What you suggest is more like a split/junction/fork without valves. What I understand as a diverter (English is a foreign language to me) was a valve like the one people have on their bath tub to choose where the water is routed/channelled to. If you use the shower head, water rises to the level of the showerhead, usually above the level of the tub filler without flowing from the end you don't want it to. In case the diverter is a more complex/automated plumbing device than I thought and serves other purposes, that's what I don't know and why I asked in my previous post.

Thanks for your answer.


----------



## jamest

zahtar said:


> I believe the thread starter posting about his 2nd and 3rd tank being cleaner. Refer to post #1.

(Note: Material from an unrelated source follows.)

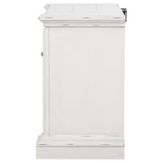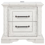Charming and functional, this two-drawer nightstand blends classic design with thoughtful details. A vintage white finish softens the ornate carvings and sculpted base, while antique bronze handles bring graceful contrast. Dual USB ports are hidden at the back for modern convenience, while felt-lined drawers offer protected storage. Built from poplar and engineered wood, it balances timeless beauty with everyday function. Key Features: • Two-drawer nightstand with carved details and sculpted base for traditional appeal • Vintage white finish brings an aged, romantic tone with softly distressed edges • Antique bronze handles add decorative contrast and timeless character • Dual USB charging ports (USB-A and USB-C) discreetly built into the back panel • Felt-lined top drawer and smooth glides ensure soft, functional storage access • Crafted from poplar and engineered wood for durable, heritage-inspired beauty

The top to bottom connection will make no difference. For each butt you add, the water will be cleaner and cleaner.



zahtar said:


> What you suggest is more like a split/junction/fork without valves. What I understand as a diverter (English is a foreign language to me) was a valve like the one people have on their bath tub to choose where the water is routed/channelled to. If you use the shower head, water rises to the level of the showerhead, usually above the level of the tub filler without flowing from the end you don't want it to. In case the diverter is a more complex/automated plumbing device than I thought and serves other purposes, that's what I don't know and why I asked in my previous post.


There's nothing clever involved with the downpipe diverter.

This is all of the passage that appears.